So my Dear, as I stumble over all the images that has come out of all our walks, of all our talks, - the sun set in Stanly Park, the stroll through the mean, homeless, drug infested streets of Vancouver's Main and Hasting area, China Town and the canoeing, walking in, and the dunking of the Lady, in the drink ( of Pit Lake's tributary ), as well as the exploring - through the jungle - of a mini falls, hidden between some mountains, and the long treck back - I have been left confused, uncertain and in the dark - as much so today ( this very moment ) as I was the first time we talked - at the west end of Prairie Avenue - in the spring .
And then came July 14th and I was smitten, by you, and surprised by your invitation to join you and your dogs for a walk that turned, my otherwise dull day, into that pot of gold at the end of a beautiful rainbow. I thought of plots, of brighter days, of companionship, of human touch - emotional, physical - of even possibly, LOVE. All my Dear, but the ravings of a helpless romantic, an old fool who has yet to accept the fact that the hand of fate and by his own hand, have closed the doors on such a foolish old mans dreams of happyness with another - YOU !
From these blind eyes Monica, I have seen so many events - could they all have been coincidences ? - that have brought me into your presence. Is it a sign ?, is it fate playing with my head ( being cruel ?), has destiny brought us together or are we just two alone people looking, and each but a temperary gift to lighten the load, to light the road for one another untill your dreams have found their way back to all you hold so dear and desire for and mine drift off into the ether of black hole emptyness where there will be no hope, no future, no intimacy to bring a closeness of soul and heart, no physical connection to sooth the restless spirit, no passionate moments that will bring a hug, a touch, a kiss, no passionate moments holding hands, touching cheeks, eyes, hair, sitting quietly among mother natures gifts - warm nights watching sun's light fade into crimsons, reds, oranges, purples, light shades of blue - as darker becomes the hue that surrounds these two wandering souls, as they - in my imagination and desire - dance among these fading colours, reaching into the depths of each others psyche, heart, soul, spirit and light the fading fires - the setting sun draws from ( on it's journey ) - to worm their days and their nights.
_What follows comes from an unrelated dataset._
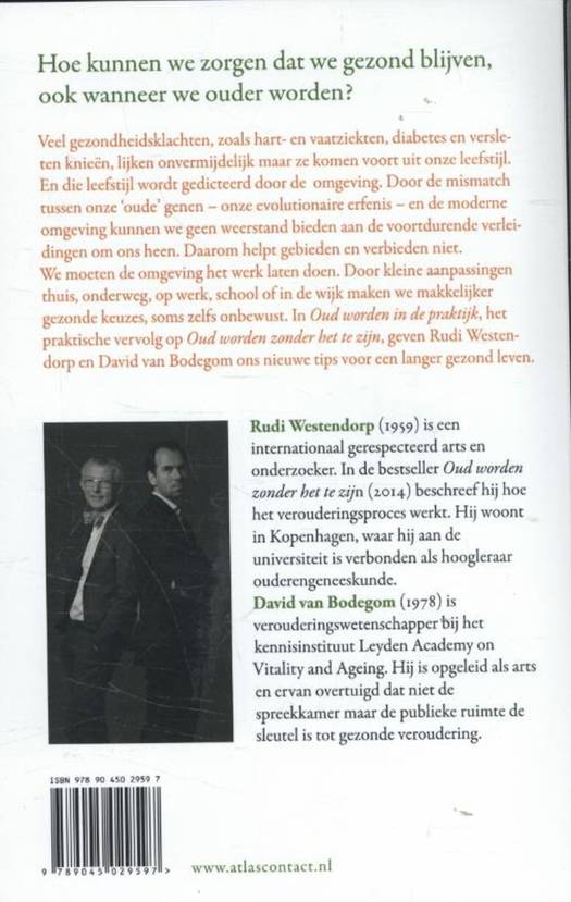Hoe kunnen we zorgen dat we gezond blijven, ook wanneer we ouder worden? Veel gezondheidsklachten, zoals hart- en vaatziekten, diabetes en versleten knieën, lijken onvermijdelijk maar ze komen voort uit onze leefstijl. En die leefstijl wordt gedicteerd door de omgeving. Door de mismatch tussen onze 'oude' genen – onze evolutionaire erfenis – en de moderne omgeving kunnen we geen weerstand bieden aan de voortdurende verleidingen om ons heen. Daarom helpt gebieden en verbieden niet. We moeten de omgeving het werk laten doen. Door kleine aanpassingen thuis, onderweg, op werk, school of in de wijk maken we makkelijker gezondere keuzes, soms zelfs onbewust. In Oud worden in de praktijk, het praktische vervolg op Oud worden zonder het te zijn, geven Rudi Westendorp en David van Bodegom ons nieuwe tips voor een langer gezond leven.

In sightless vission - silence - are these words for their intended . "
This letter did - inspite of - reach it's destination, like it or not.
Love
BILL .
Chapter 6
A Letter To THE PRINCESS
dated September 1st 2006
"Dear Monica :
I awoke this fine B.C. morning to the realization that, I am a man who does not have ?, - am not what it would take to fill the empty spaces of your dreams - so you want to believe. I seem - it seems to me - only to come to light, be a light in your nightmares .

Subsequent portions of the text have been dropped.